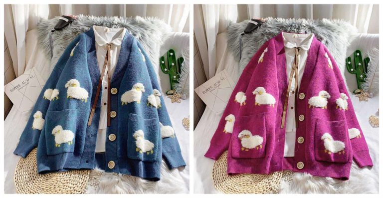Áo Khoác Cardigan Dáng Rộng Thêu Họa Tiết Cừu – phong cách cho các cô nàng vào mùa đông
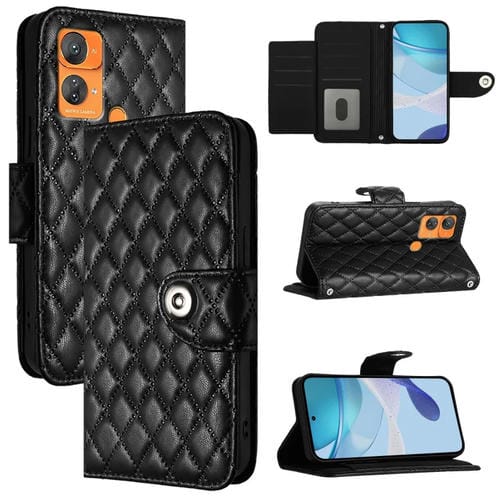 Funda para Oukitel C33 de Cuero con Tapa Textura Rómbica y Cordón (Negro)
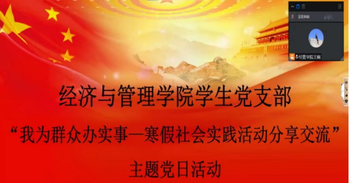 3月17日,经济与管理学院学生党支部组织全体党员通过线上开展了以“我为群众办实事—寒假社会实践活动分享交流”为主题的党日活动,本次活动由学生党支部书记王婉主持。
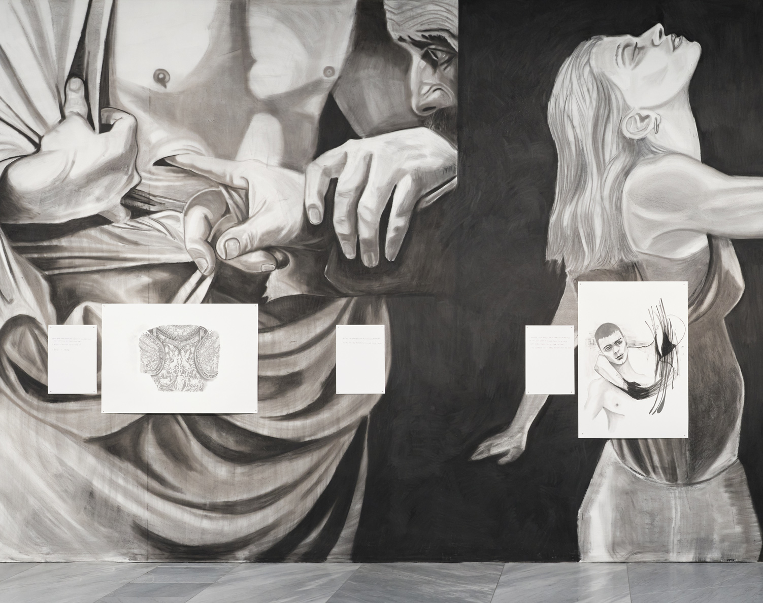 The exhibition starts with large scale wall drawings on which oil and charcoal drawings are installed and continues with works on paper and oil on canvas.
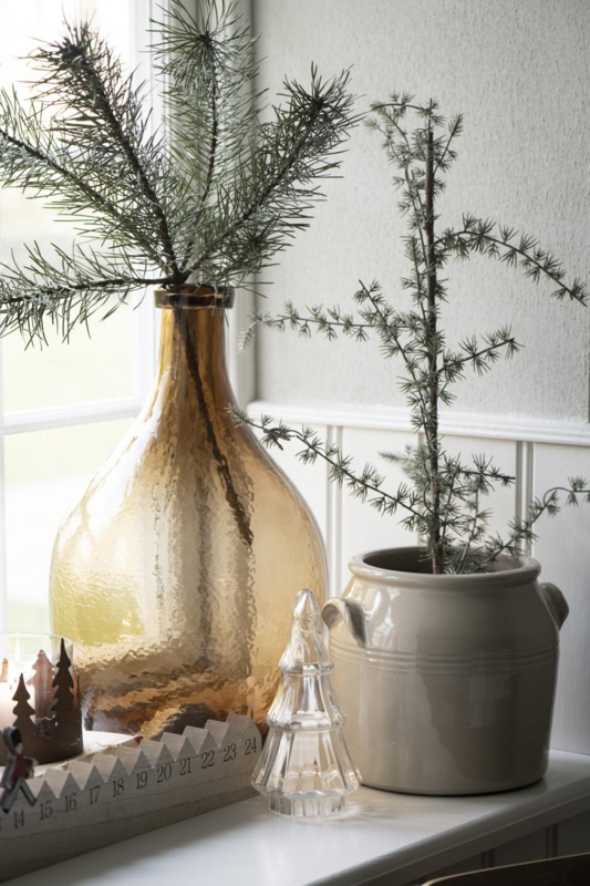 Boomje van glas in de vorm van een kerstboom! Hoe leuk om deze te combineren met de ceder-boompjes of kransen. De hoogte van dit kerstboompje is 20 cm. Stop er een klein draadje LED verlichting in voor een extra leuk sfeertje.
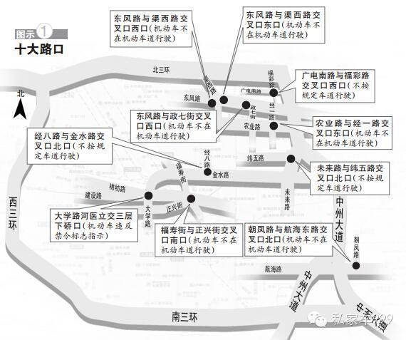 1、經(jīng)八路與金水路交叉口北口(不按規(guī)定車道行駛)
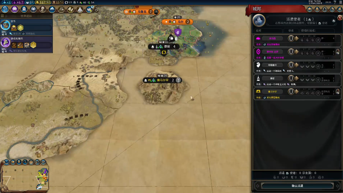铺城是快速发展的关键,但别盲目扩张。分城最好离首都6格左右,既能相互支援,又能共享工业区和娱乐区加成。早期用建造者砍树秒移民,快速铺开城市数量,但记得留一些树后期改伐木场。奢侈品和战略资源要优先圈占,多余的奢侈品可以和其他文明交易换金币或外交支持。遇到蛮族营地尽早清理,避免拖慢发展节奏。
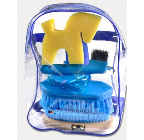 Kit de pansage pour petits et grands passionnés. Brosse de pansage, brosse à chien-dent, peigne pour crinière, cure-pied, éponge cheval. Livré dans un sac à dos transparent.
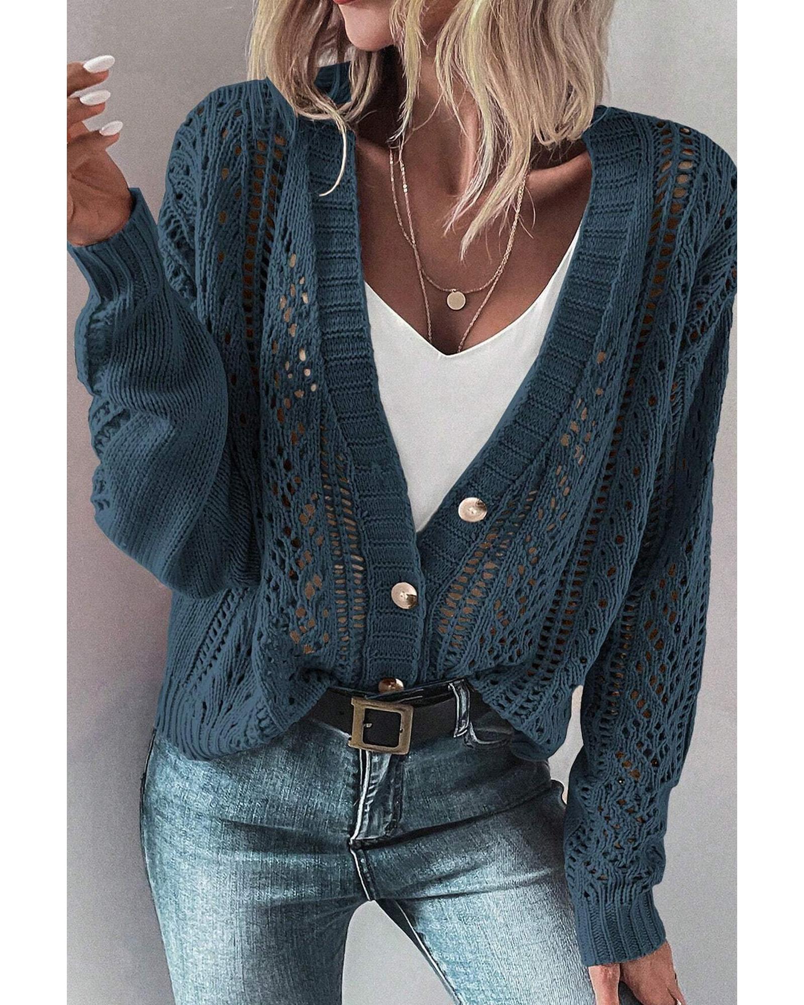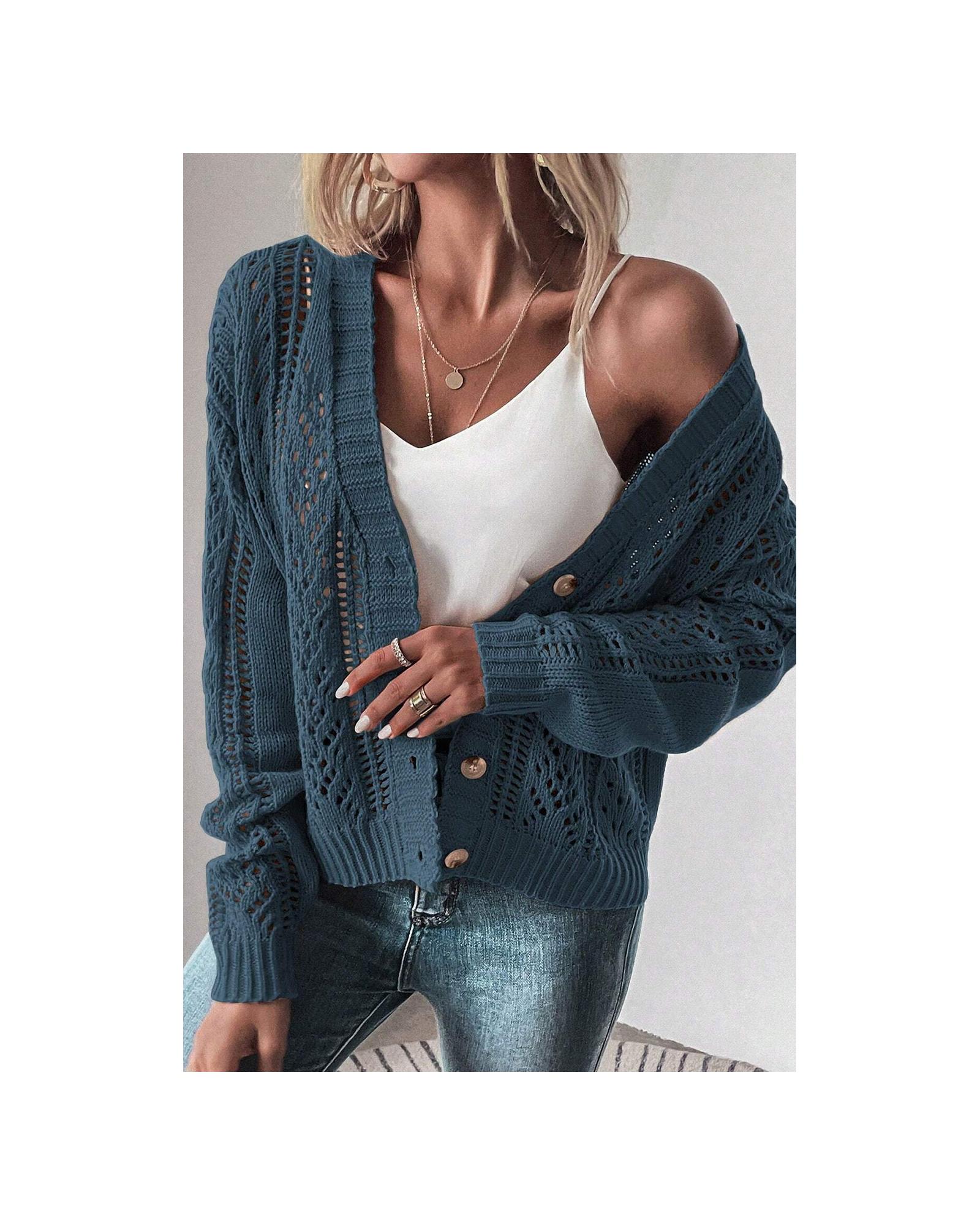 Real Teal Open Knit Drop Shoulder Sweater Cardigan – 2XL
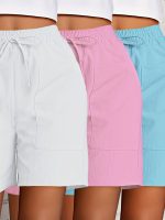 Home Women's Shorts 3pcs Women’S Solid Color Cargo Shorts – Breathable & Lightweight with Dual Pockets, Casual Springu002FSummer Fashion, Polyester Shorts
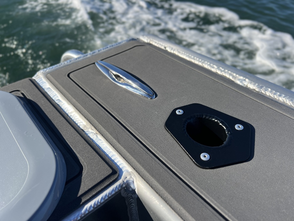 Twin helm seats provide comfort at the controls, while an optional cushioned chilly bin adds functionality to the rear deck - great for extra seating or stowing the day’s catch without impacting cockpit space. The 90L fuel tank provides ample range for fishing adventures, or hours of fun towing the kids on a biscuit.
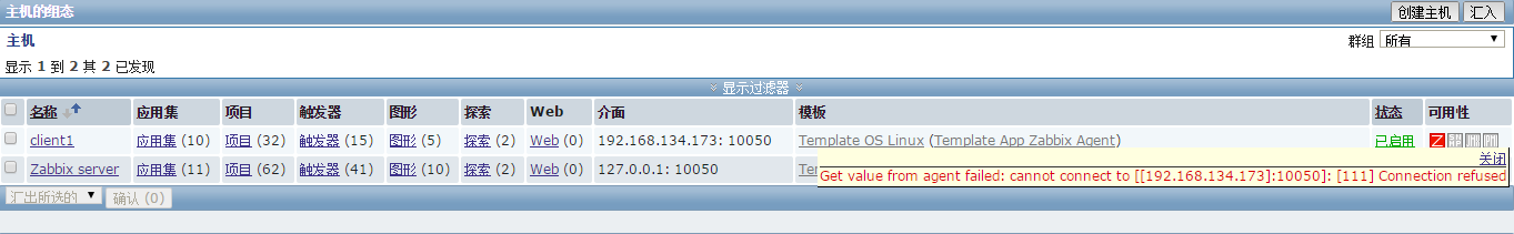如果右侧“可用性”的Z图标变成红色,表示ZabbixAgent连接失败,鼠标点击红色Z图标,可以看到详细错误信息
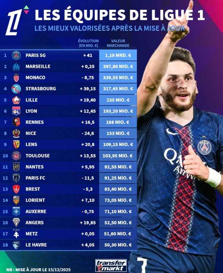 直播吧12月15日讯德转更新了法甲球员身价情况,也列出了法甲各队身价榜,巴黎全队身价比第二到第四名之和还多。
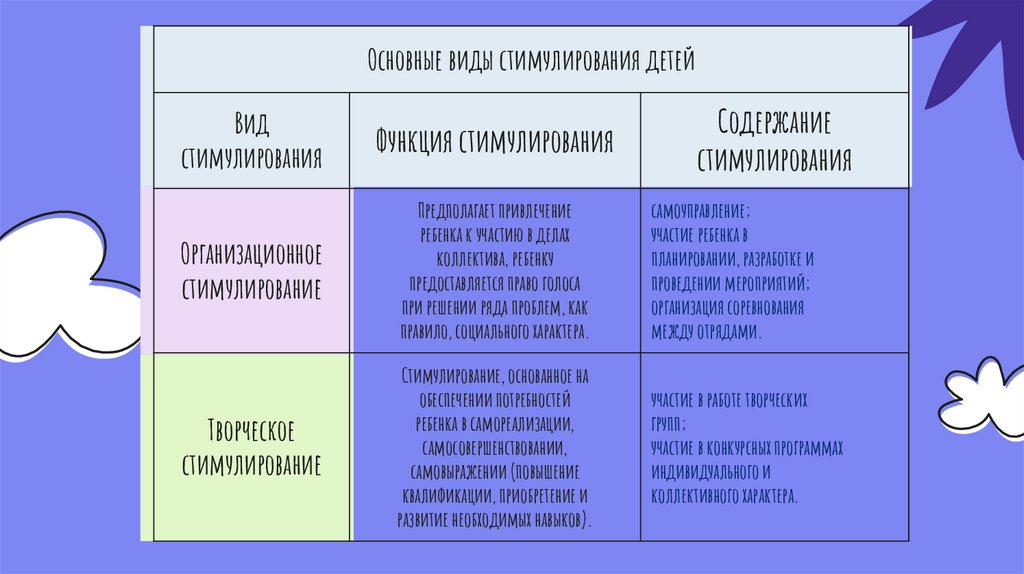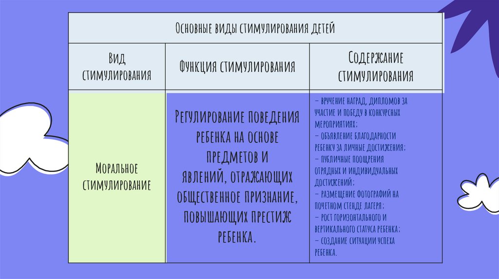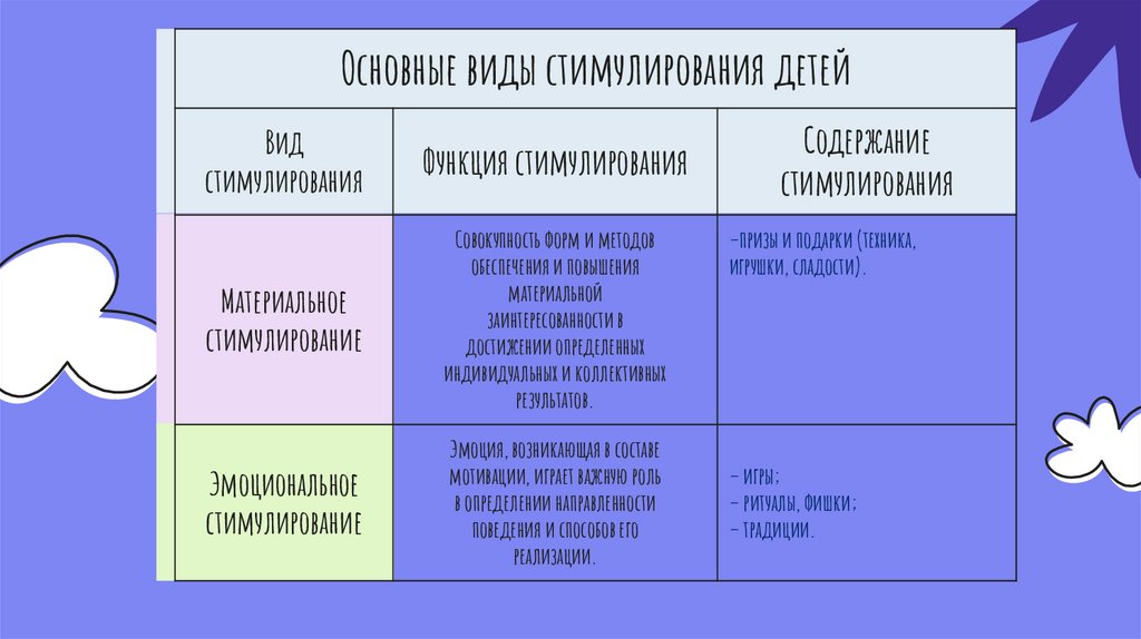 Основные виды стимулирования детейВид
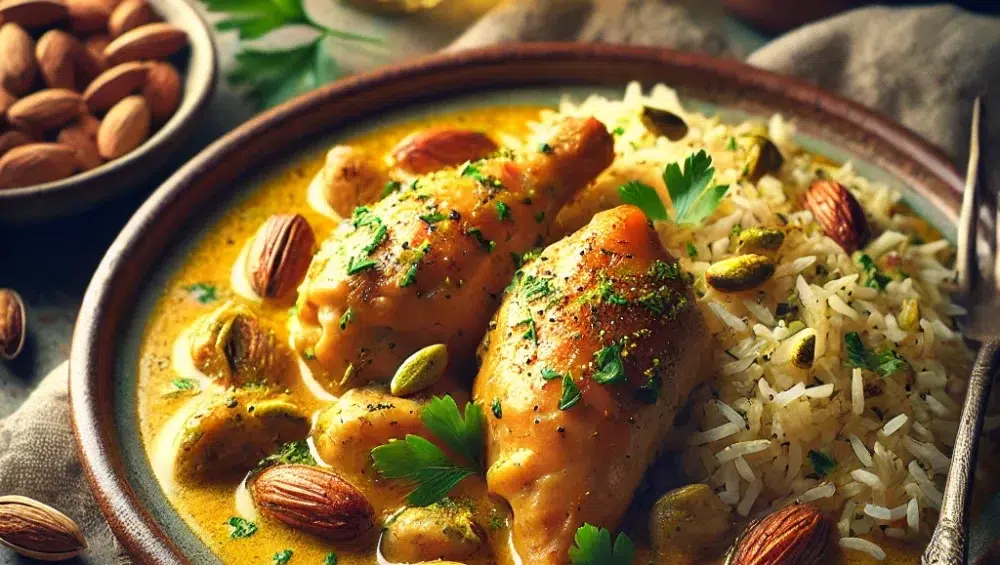 Pollo en pepitoria to kwintesencja hiszpańskiej kuchni – danie, które łączy tradycję z niezwykłym smakiem. Delikatne mięso kurczaka w kremowym sosie migdałowym, podkreślone aromatem białego wina i szafranu, to propozycja, która zadowoli zarówno miłośników klasyki, jak i tych, którzy szukają nowych smaków. W połączeniu z aromatycznym ryżem z pistacjami to danie, które przeniesie cię wprost do słonecznej Hiszpanii.

## Problem to work on
Go to the line above that contains "Real Teal Open" and reproduce everything exactly from there through the line that contains "Home Women's Shorts", leaving out the pictures.

## Problem solution
 Real Teal Open Knit Drop Shoulder Sweater Cardigan – 2XL
 Home Women's Shorts 3pcs Women’S Solid Color Cargo Shorts – Breathable & Lightweight with Dual Pockets, Casual Springu002FSummer Fashion, Polyester Shorts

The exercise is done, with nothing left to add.